§ **Work instructions**: The listing below holds a line with "新款女士裤子休闲裤棉麻唐装长裤中国风松紧腰宽松阔腿高腰直筒裤" and a line with "2-комнатная — 56,31 м² 4/18 эт. в Образцово". Reproduce those two lines exactly, plus everything between them.

§ **Data to process**:
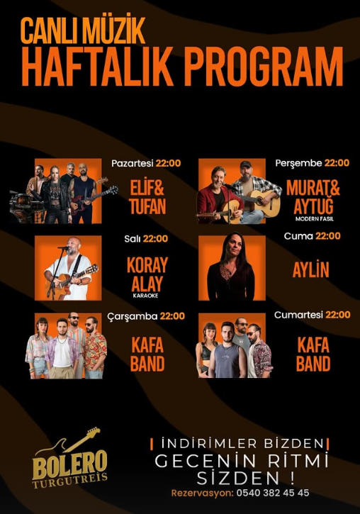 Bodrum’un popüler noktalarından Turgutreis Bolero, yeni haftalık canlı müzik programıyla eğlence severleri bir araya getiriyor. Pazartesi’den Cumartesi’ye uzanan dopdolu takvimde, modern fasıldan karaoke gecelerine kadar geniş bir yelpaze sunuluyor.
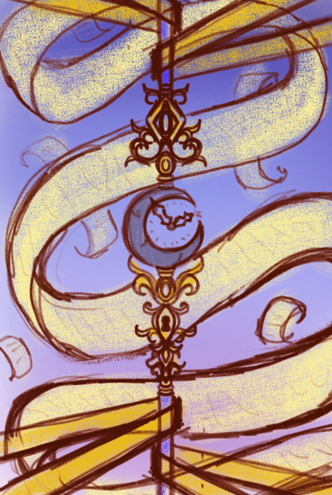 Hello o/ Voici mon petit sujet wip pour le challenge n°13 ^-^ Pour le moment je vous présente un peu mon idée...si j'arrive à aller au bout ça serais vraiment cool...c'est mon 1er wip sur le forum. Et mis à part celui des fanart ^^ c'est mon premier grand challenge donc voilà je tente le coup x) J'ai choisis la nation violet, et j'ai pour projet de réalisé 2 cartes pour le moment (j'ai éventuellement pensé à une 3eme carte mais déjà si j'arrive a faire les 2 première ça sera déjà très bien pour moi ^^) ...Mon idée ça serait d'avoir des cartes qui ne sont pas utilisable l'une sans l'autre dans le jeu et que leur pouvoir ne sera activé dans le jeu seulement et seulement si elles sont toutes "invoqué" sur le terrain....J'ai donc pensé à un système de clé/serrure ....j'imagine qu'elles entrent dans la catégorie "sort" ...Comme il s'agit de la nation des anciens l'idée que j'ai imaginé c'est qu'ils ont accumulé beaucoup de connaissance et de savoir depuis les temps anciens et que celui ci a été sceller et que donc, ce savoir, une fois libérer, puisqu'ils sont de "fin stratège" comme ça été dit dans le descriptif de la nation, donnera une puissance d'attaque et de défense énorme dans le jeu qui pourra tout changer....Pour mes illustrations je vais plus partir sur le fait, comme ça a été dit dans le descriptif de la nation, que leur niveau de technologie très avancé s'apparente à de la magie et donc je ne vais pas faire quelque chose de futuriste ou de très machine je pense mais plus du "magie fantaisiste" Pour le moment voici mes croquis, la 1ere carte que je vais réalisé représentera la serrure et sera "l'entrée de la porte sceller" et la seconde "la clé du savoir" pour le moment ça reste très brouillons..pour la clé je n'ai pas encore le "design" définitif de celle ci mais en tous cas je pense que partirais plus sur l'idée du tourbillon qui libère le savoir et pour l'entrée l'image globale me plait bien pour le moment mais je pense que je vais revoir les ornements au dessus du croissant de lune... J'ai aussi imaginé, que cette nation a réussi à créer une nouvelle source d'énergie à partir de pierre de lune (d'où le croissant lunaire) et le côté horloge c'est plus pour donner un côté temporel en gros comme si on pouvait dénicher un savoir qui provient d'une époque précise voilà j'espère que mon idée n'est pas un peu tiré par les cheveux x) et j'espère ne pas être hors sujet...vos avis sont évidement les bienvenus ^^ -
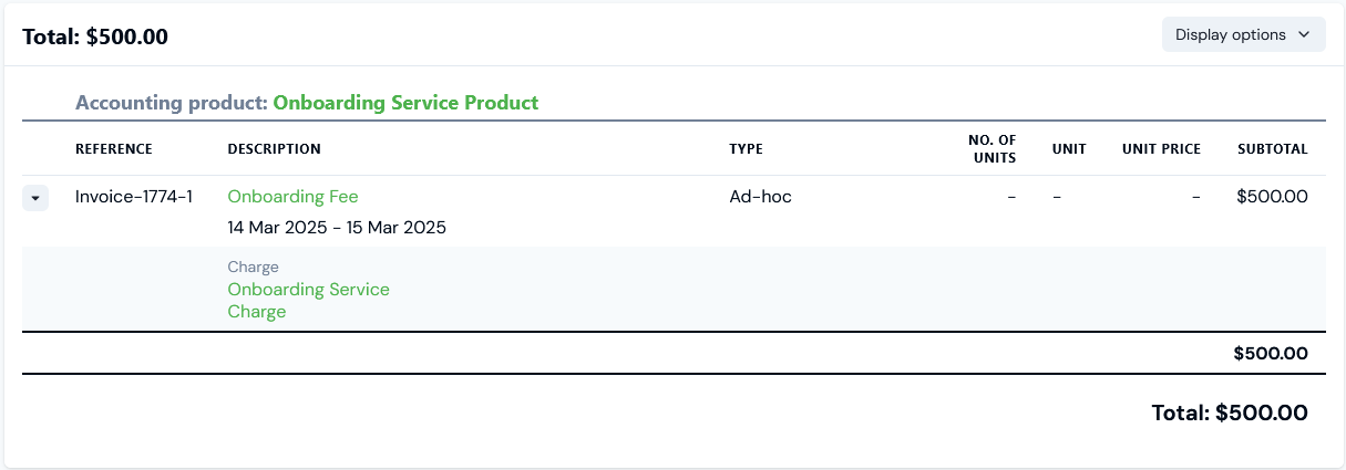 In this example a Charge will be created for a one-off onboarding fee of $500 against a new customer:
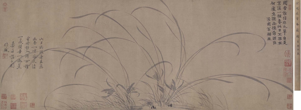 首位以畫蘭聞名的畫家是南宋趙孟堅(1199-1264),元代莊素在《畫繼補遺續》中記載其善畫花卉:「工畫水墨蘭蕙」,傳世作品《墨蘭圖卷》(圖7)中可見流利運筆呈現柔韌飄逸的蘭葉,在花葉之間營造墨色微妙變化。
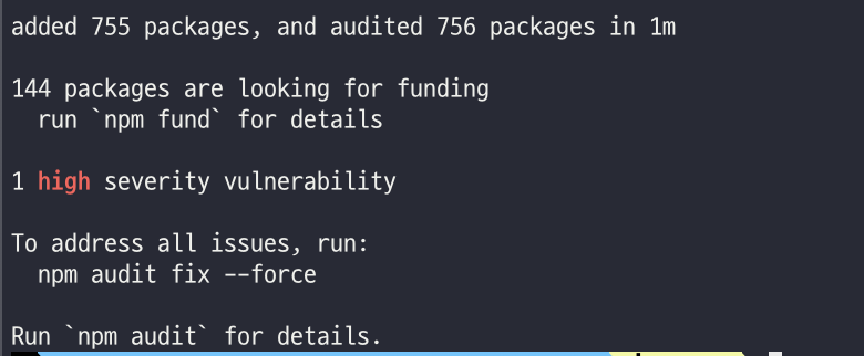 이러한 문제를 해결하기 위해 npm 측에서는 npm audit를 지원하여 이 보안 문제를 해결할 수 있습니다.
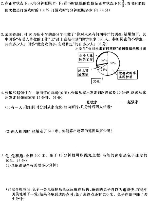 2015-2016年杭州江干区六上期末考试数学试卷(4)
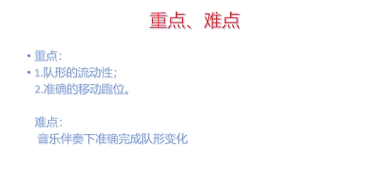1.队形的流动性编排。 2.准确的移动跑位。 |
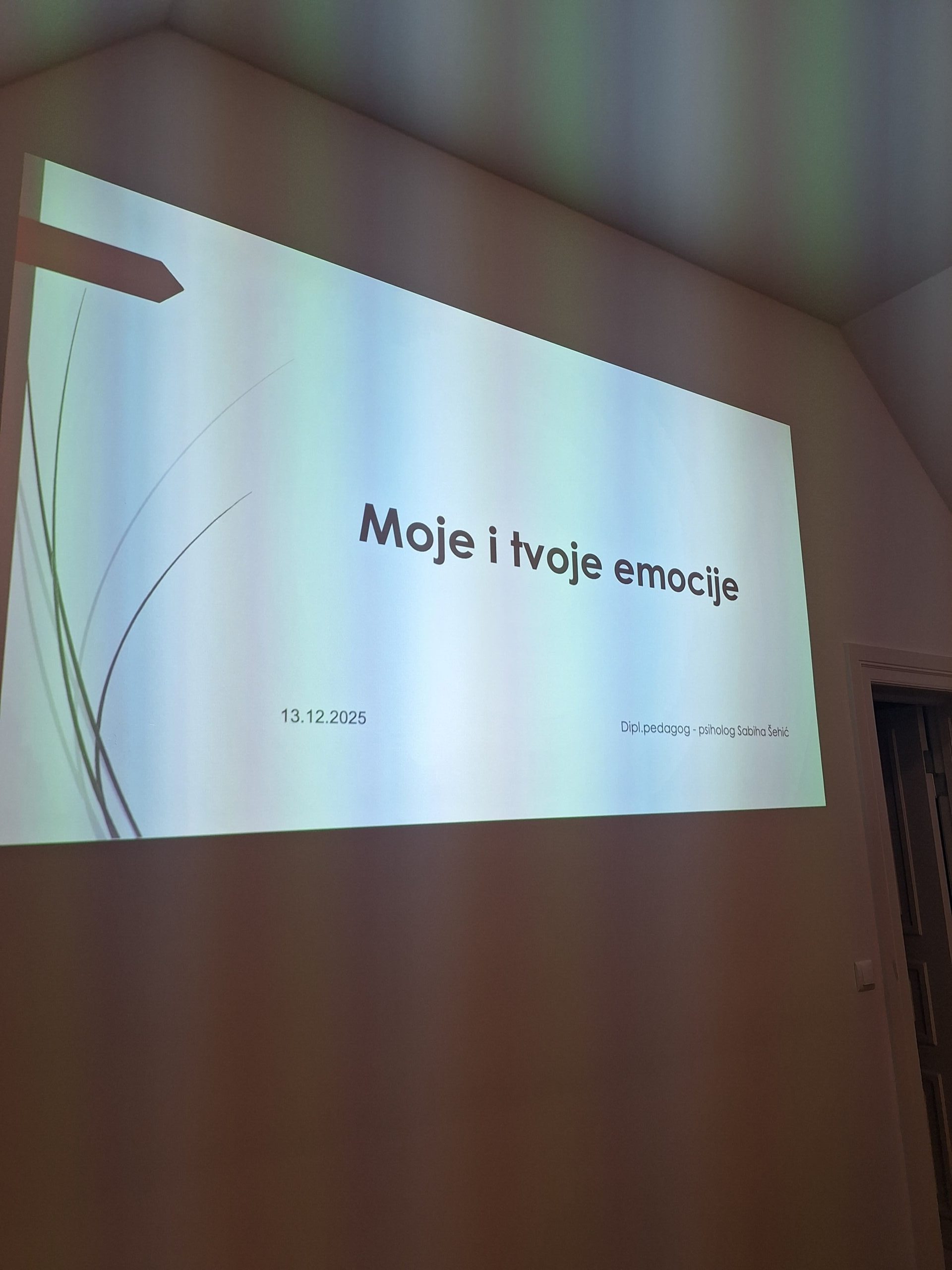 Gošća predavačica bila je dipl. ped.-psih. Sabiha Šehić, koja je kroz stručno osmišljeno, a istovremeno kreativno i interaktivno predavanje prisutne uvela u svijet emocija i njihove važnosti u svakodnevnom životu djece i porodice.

...

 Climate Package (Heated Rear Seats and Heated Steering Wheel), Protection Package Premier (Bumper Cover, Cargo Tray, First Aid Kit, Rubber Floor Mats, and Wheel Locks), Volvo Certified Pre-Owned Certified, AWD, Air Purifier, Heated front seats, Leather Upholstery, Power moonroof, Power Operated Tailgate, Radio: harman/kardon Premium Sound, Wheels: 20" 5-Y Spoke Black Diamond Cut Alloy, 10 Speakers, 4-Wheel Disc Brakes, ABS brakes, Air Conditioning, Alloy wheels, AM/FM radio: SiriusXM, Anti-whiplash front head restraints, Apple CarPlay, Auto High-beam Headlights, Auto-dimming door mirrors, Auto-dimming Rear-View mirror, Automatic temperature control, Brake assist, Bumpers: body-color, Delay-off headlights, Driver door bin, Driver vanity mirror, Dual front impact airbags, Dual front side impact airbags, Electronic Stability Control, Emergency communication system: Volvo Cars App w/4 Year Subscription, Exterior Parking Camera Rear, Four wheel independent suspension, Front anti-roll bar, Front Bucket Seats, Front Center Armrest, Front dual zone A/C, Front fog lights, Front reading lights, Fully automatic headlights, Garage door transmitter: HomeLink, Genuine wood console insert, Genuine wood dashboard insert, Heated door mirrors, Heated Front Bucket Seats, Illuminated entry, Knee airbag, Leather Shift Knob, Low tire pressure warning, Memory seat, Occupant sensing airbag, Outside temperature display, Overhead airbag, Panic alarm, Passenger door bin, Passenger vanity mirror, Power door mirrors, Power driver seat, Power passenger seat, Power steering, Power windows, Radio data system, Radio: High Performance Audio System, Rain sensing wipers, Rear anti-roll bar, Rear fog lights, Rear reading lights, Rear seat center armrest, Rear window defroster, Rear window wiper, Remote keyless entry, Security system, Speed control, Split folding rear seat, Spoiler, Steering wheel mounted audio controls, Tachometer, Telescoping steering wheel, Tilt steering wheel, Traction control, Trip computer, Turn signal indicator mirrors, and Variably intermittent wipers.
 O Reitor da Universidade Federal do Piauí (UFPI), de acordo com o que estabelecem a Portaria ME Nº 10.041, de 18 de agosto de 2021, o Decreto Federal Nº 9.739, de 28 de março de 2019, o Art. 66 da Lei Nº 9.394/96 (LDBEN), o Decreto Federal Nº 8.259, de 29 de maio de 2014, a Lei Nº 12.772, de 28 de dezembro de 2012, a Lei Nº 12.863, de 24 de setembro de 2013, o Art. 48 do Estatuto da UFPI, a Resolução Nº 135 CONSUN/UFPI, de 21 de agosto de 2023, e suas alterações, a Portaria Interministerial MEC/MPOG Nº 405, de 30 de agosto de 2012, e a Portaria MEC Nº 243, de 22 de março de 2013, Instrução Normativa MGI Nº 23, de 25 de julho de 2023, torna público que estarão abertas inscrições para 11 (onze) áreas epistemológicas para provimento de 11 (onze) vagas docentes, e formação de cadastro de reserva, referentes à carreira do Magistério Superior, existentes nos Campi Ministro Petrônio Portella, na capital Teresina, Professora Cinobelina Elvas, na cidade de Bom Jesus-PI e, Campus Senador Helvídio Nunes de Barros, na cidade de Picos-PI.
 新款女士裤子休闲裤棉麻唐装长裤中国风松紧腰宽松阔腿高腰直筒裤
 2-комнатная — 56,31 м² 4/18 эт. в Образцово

§ **Solved exercise**:
 新款女士裤子休闲裤棉麻唐装长裤中国风松紧腰宽松阔腿高腰直筒裤
 2-комнатная — 56,31 м² 4/18 эт. в Образцово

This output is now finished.